> _Material provided_
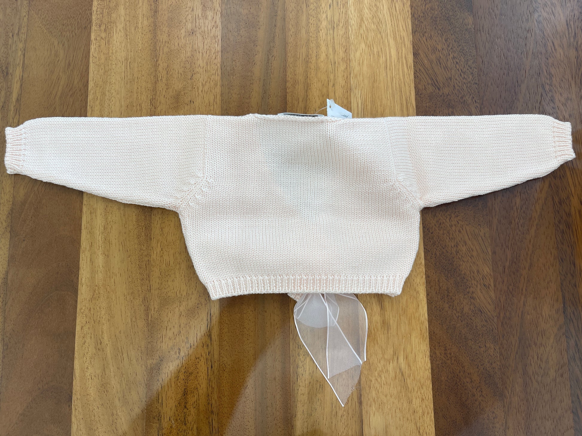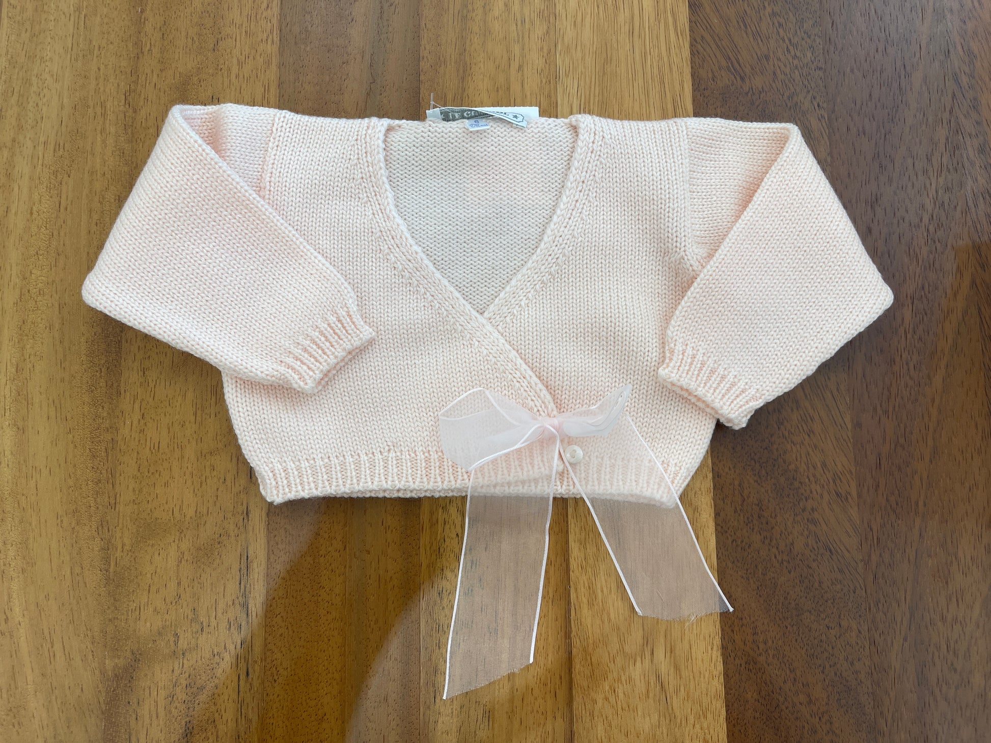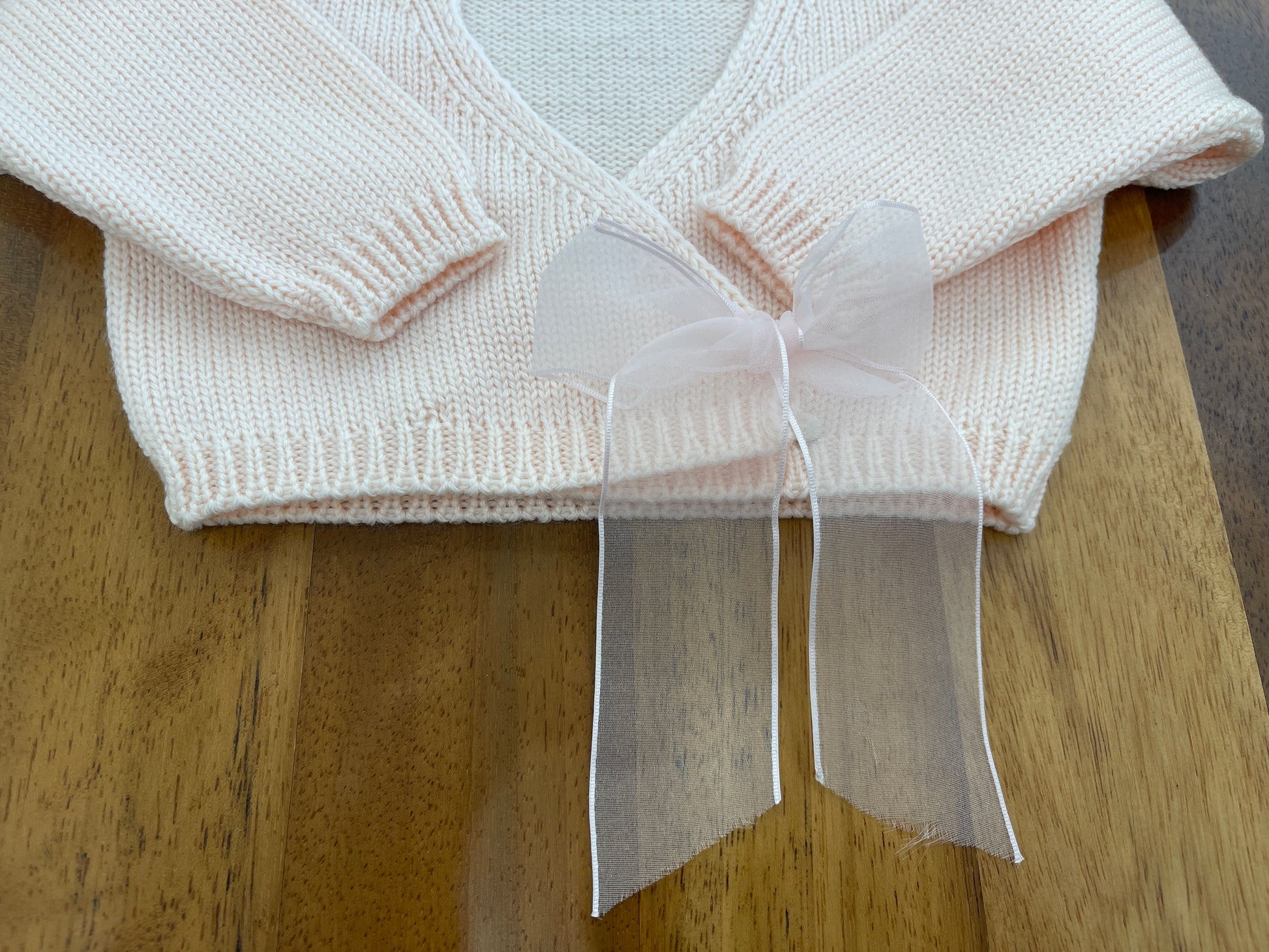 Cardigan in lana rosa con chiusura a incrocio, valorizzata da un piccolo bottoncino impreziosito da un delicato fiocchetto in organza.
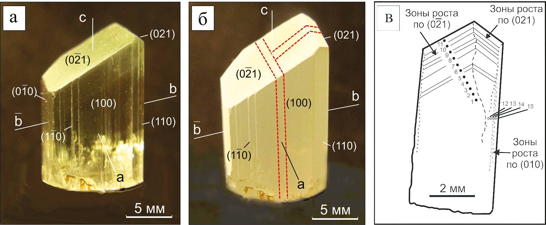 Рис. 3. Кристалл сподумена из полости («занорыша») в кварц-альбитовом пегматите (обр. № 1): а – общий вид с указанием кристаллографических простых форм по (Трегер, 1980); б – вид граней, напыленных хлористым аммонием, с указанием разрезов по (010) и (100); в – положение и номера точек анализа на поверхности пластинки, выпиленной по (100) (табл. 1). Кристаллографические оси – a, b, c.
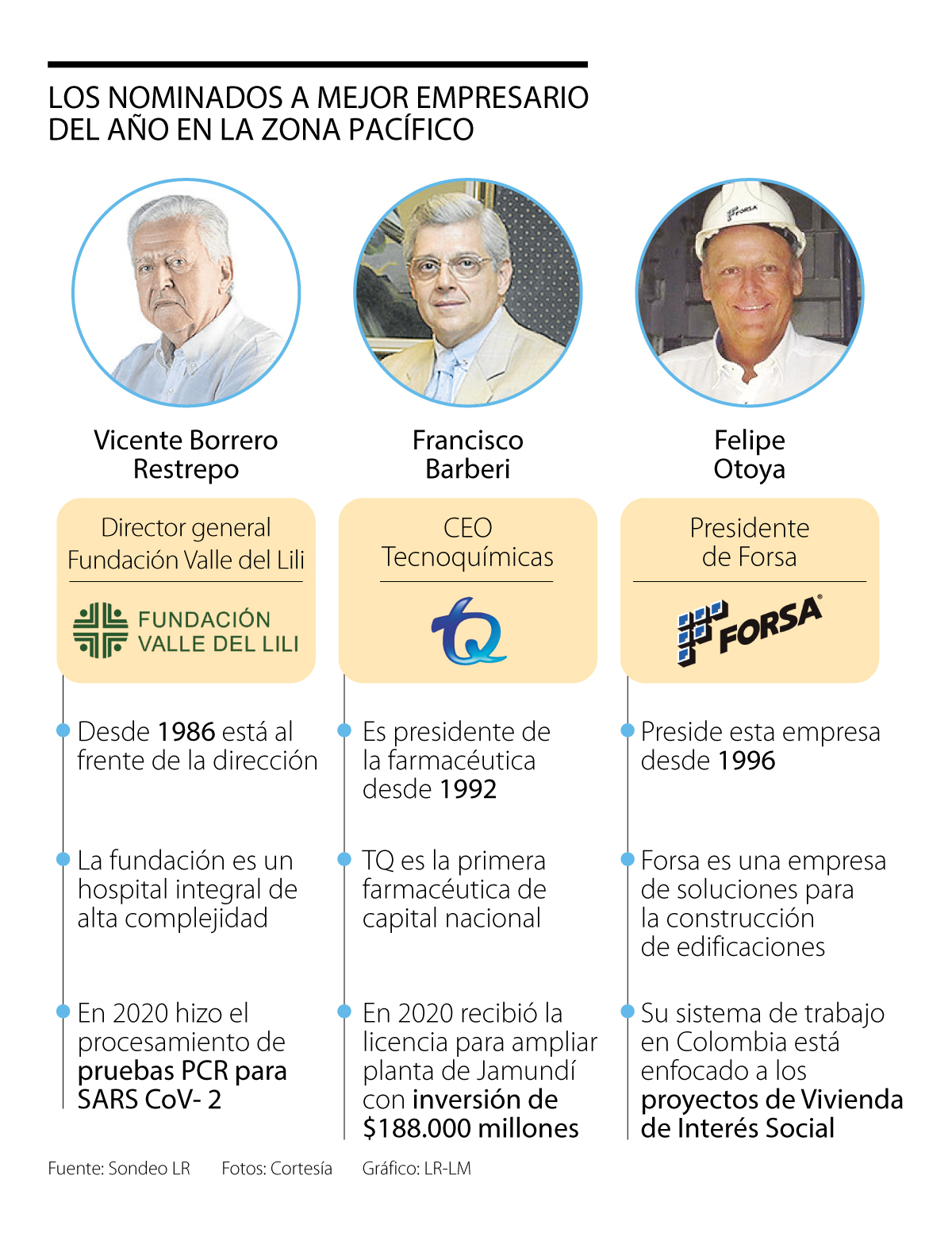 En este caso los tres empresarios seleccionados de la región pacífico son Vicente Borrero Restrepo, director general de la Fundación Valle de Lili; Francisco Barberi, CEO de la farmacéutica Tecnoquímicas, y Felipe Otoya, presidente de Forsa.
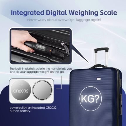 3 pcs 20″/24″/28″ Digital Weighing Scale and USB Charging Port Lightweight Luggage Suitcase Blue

---

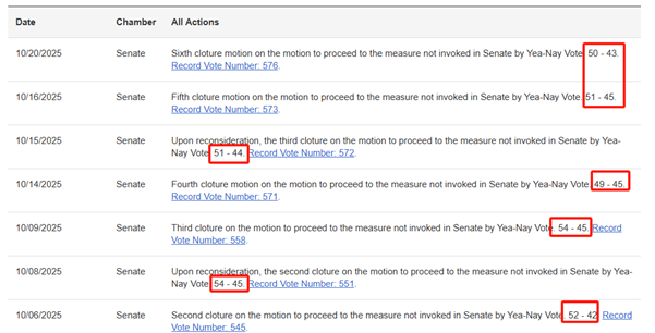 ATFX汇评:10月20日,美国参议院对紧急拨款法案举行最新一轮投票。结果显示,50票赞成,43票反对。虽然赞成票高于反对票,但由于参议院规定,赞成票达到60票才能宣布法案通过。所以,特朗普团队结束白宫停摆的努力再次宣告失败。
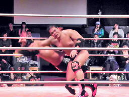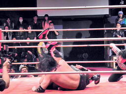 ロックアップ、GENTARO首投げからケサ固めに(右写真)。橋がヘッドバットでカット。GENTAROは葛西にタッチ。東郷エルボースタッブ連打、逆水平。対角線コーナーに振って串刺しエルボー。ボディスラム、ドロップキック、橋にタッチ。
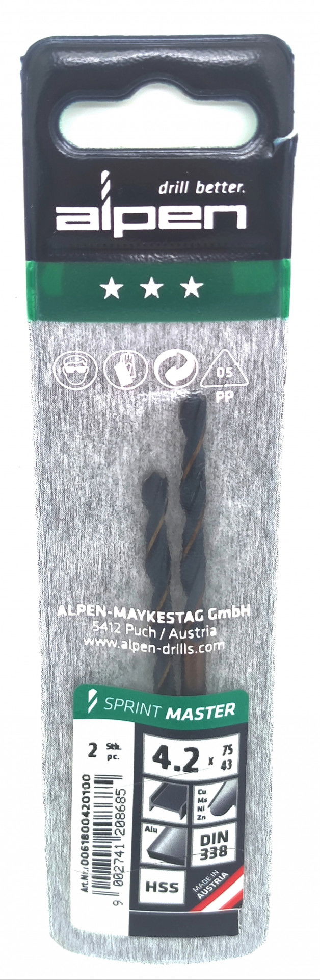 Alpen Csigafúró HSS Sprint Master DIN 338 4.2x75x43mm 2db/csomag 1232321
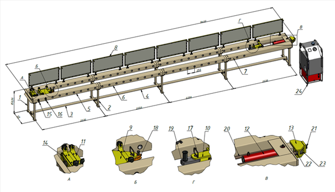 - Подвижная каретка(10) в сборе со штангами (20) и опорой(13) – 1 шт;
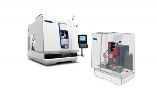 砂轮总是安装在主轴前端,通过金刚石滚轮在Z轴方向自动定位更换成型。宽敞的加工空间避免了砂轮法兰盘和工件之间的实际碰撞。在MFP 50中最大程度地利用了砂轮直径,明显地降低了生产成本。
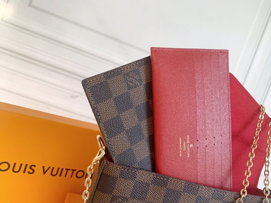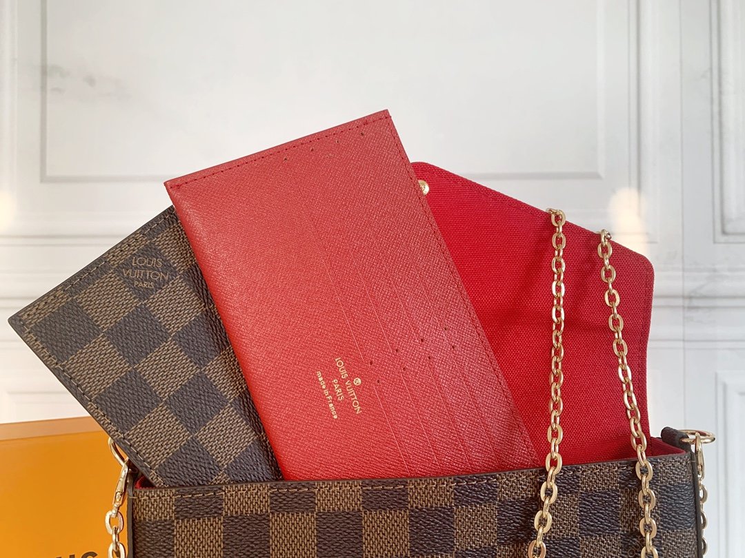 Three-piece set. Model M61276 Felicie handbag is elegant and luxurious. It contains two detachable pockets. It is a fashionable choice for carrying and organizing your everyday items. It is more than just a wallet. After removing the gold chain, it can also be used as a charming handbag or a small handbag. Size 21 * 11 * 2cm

> _Task requirements_
All lines above from the one containing "Cardigan in lana" up to and including the one containing "Рис. 3. Кристалл" are to be set down exactly, and nothing else. Leave images out.

> _Response to the exercise_
 Cardigan in lana rosa con chiusura a incrocio, valorizzata da un piccolo bottoncino impreziosito da un delicato fiocchetto in organza.
 Рис. 3. Кристалл сподумена из полости («занорыша») в кварц-альбитовом пегматите (обр. № 1): а – общий вид с указанием кристаллографических простых форм по (Трегер, 1980); б – вид граней, напыленных хлористым аммонием, с указанием разрезов по (010) и (100); в – положение и номера точек анализа на поверхности пластинки, выпиленной по (100) (табл. 1). Кристаллографические оси – a, b, c.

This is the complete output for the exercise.